_Records for the task_
.....
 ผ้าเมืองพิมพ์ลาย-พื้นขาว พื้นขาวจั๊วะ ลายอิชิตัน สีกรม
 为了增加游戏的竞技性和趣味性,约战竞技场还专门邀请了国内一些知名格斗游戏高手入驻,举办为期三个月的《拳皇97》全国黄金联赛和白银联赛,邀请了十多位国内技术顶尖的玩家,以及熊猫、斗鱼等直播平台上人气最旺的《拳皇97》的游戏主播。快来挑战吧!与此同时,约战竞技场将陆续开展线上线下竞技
.....
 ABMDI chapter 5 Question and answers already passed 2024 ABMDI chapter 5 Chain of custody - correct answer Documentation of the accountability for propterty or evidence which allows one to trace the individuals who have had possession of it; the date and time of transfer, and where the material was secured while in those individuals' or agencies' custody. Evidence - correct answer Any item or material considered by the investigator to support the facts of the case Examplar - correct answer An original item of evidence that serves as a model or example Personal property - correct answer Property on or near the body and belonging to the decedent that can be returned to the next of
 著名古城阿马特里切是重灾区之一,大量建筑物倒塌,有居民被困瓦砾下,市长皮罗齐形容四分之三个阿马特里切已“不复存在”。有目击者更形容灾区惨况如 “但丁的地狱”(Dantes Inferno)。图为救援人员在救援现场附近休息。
.....
_Exercise instructions_
Copy only this part of the entries above: the line with "ผ้าเมืองพิมพ์ลาย-พื้นขาว พื้นขาวจั๊วะ ลายอิชิตัน", the line with "为了增加游戏的竞技性和趣味性", and the lines between, all exactly as written.

_Result of the task_
 ผ้าเมืองพิมพ์ลาย-พื้นขาว พื้นขาวจั๊วะ ลายอิชิตัน สีกรม
 为了增加游戏的竞技性和趣味性,约战竞技场还专门邀请了国内一些知名格斗游戏高手入驻,举办为期三个月的《拳皇97》全国黄金联赛和白银联赛,邀请了十多位国内技术顶尖的玩家,以及熊猫、斗鱼等直播平台上人气最旺的《拳皇97》的游戏主播。快来挑战吧!与此同时,约战竞技场将陆续开展线上线下竞技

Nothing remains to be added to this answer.